*What is being asked*
What are the lines from the top of the entries through the one with "Venutaloza Allover Heart"? Write them out exactly, with no pictures.

[Saved data entries]

%%

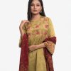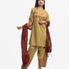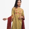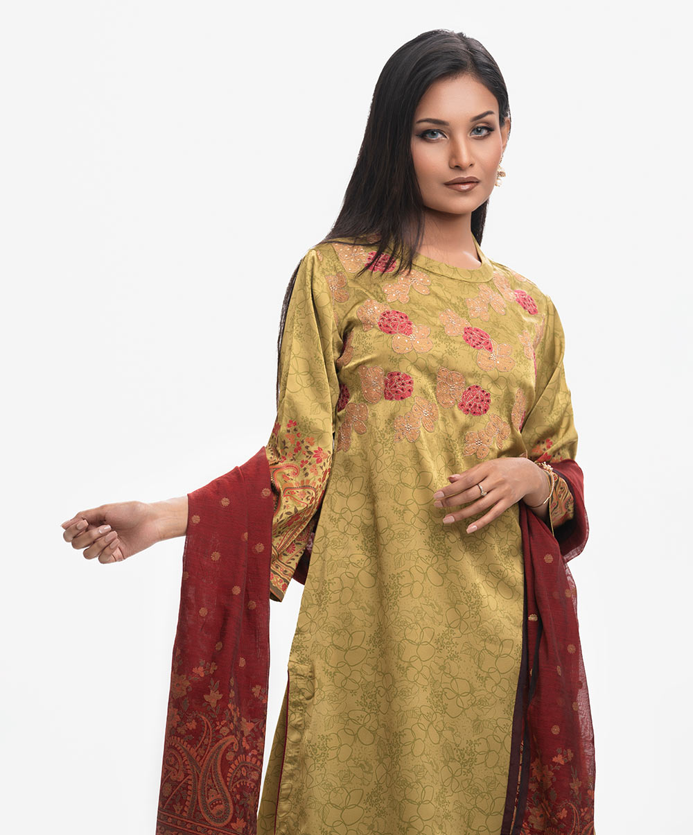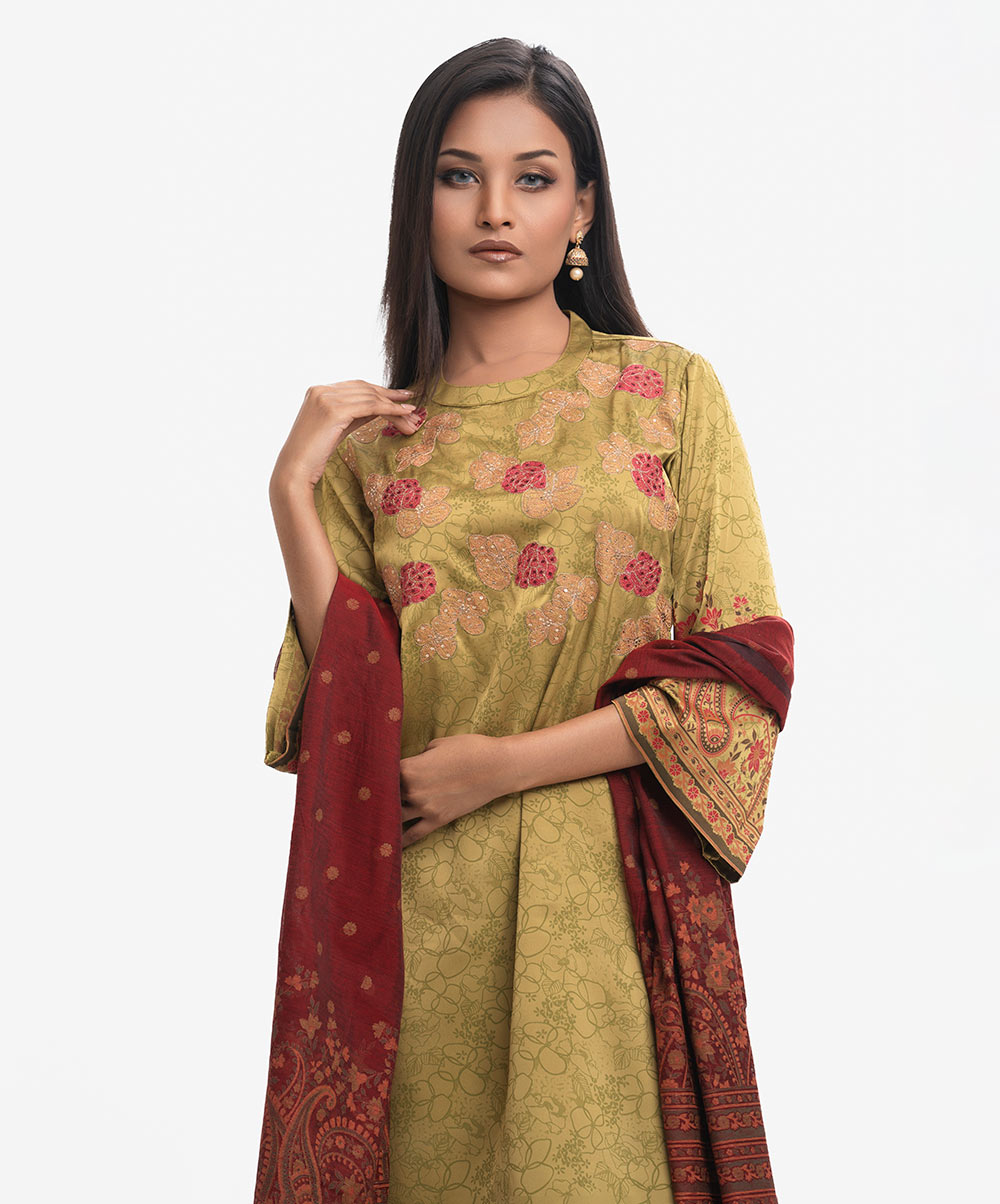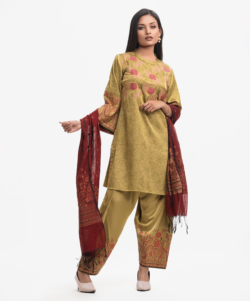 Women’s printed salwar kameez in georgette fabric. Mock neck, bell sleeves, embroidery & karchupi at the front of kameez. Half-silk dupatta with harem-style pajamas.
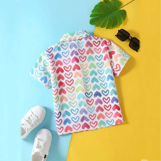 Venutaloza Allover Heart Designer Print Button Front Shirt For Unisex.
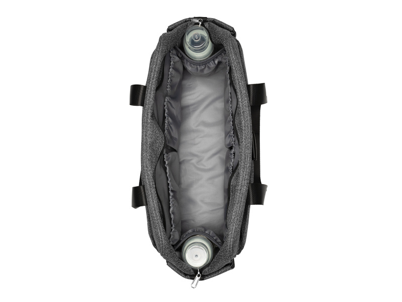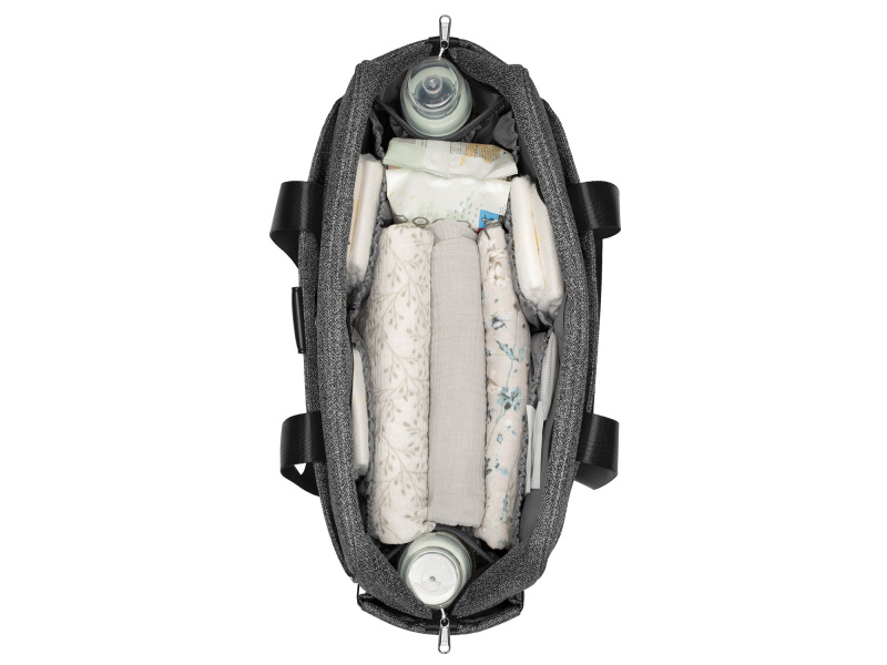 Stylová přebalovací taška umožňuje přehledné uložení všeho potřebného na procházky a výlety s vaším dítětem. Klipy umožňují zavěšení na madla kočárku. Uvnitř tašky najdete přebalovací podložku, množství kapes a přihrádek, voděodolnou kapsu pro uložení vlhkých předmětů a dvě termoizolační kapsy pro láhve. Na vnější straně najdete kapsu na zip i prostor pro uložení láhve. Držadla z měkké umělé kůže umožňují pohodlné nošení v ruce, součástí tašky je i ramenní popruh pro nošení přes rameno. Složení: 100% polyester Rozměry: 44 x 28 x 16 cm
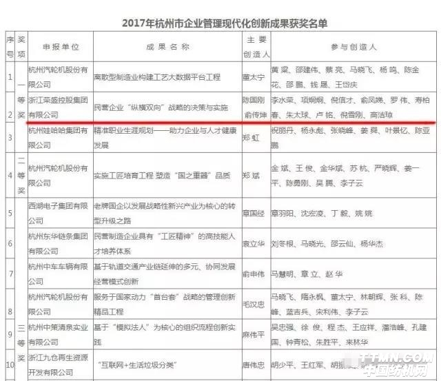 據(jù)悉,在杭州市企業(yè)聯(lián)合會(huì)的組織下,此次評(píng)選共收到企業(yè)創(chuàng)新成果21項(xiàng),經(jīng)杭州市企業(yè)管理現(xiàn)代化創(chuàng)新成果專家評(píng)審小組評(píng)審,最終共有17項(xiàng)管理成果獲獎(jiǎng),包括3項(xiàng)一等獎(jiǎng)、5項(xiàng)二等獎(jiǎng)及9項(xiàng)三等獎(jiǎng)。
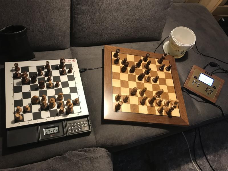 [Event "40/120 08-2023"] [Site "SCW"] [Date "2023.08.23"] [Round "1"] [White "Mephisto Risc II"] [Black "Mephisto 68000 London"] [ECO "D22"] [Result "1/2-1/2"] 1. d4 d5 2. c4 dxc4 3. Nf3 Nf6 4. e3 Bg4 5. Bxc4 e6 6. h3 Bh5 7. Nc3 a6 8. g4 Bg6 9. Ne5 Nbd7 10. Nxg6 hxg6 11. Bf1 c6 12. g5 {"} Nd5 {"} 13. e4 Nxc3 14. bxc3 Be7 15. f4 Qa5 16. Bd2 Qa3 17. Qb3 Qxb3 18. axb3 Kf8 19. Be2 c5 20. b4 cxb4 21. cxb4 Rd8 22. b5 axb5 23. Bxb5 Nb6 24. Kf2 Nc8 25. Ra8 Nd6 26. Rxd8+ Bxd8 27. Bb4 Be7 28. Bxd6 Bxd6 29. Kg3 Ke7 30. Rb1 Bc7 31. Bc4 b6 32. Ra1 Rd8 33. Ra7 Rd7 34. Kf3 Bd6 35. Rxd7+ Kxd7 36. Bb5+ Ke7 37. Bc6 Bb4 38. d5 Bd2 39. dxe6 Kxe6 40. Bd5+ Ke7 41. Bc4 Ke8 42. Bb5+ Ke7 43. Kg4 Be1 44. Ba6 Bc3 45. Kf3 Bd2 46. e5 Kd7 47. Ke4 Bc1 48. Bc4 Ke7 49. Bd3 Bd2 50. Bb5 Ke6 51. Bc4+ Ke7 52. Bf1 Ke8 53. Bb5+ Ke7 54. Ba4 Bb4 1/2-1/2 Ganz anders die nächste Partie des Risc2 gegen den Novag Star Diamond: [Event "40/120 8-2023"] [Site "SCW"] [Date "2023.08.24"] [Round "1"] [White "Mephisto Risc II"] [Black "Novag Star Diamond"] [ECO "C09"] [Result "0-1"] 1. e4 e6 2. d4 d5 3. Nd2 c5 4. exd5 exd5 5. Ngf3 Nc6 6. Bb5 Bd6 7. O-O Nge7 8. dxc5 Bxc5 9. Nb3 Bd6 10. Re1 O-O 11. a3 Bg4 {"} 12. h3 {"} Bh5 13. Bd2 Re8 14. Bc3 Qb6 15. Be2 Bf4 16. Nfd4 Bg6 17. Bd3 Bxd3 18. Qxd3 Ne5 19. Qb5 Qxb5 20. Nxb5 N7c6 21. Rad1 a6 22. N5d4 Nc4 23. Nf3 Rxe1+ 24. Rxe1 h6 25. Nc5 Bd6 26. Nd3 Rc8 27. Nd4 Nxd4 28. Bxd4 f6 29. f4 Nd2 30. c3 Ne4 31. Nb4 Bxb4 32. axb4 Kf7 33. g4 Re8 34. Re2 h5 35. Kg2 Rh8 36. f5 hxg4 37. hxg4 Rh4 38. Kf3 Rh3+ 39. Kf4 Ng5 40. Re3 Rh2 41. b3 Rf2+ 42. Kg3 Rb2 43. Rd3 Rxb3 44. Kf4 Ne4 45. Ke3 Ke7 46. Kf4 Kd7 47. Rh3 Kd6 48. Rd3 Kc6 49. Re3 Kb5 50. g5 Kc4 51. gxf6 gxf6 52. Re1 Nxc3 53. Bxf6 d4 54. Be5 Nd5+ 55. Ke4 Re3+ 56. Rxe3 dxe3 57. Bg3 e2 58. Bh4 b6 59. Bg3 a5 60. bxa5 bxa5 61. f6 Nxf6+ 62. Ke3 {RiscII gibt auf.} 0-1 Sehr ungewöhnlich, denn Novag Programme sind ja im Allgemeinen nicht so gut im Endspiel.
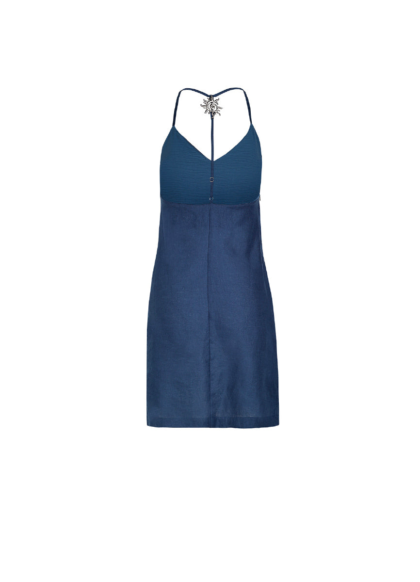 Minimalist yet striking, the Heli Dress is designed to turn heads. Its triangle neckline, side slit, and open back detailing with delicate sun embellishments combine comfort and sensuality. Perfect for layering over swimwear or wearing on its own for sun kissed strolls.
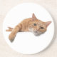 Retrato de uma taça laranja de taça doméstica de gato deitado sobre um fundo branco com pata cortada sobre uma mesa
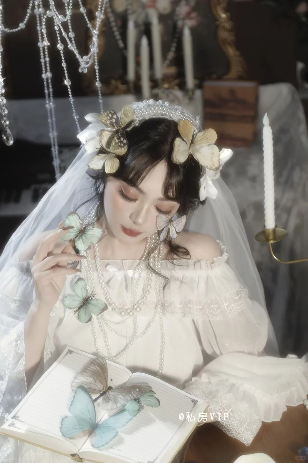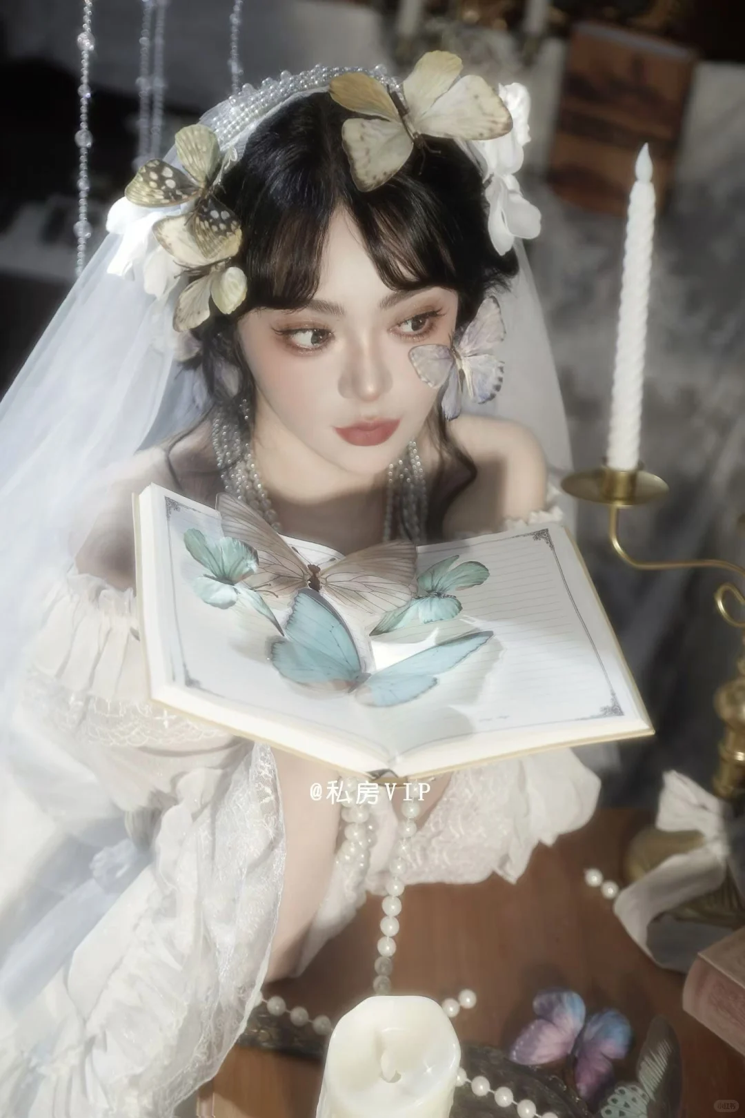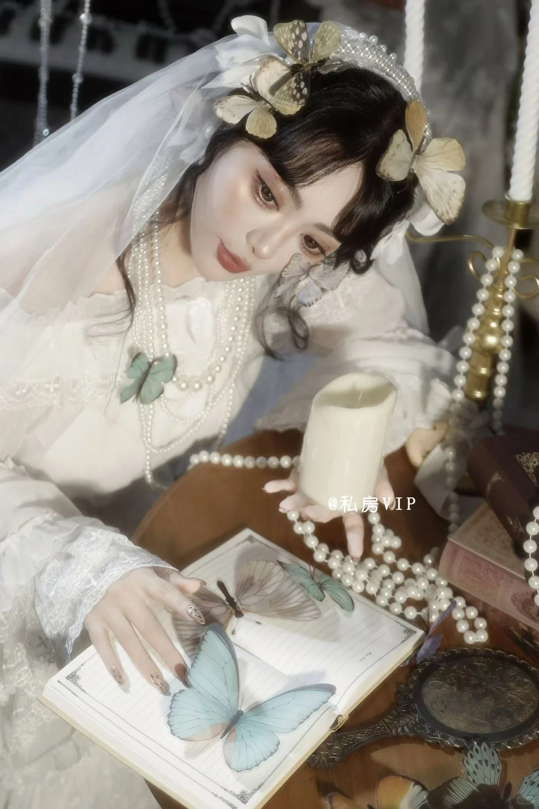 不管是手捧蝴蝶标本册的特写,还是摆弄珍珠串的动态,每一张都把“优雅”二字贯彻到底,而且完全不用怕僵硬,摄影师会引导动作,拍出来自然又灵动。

%%

*Response below*
 Women’s printed salwar kameez in georgette fabric. Mock neck, bell sleeves, embroidery & karchupi at the front of kameez. Half-silk dupatta with harem-style pajamas.
 Venutaloza Allover Heart Designer Print Button Front Shirt For Unisex.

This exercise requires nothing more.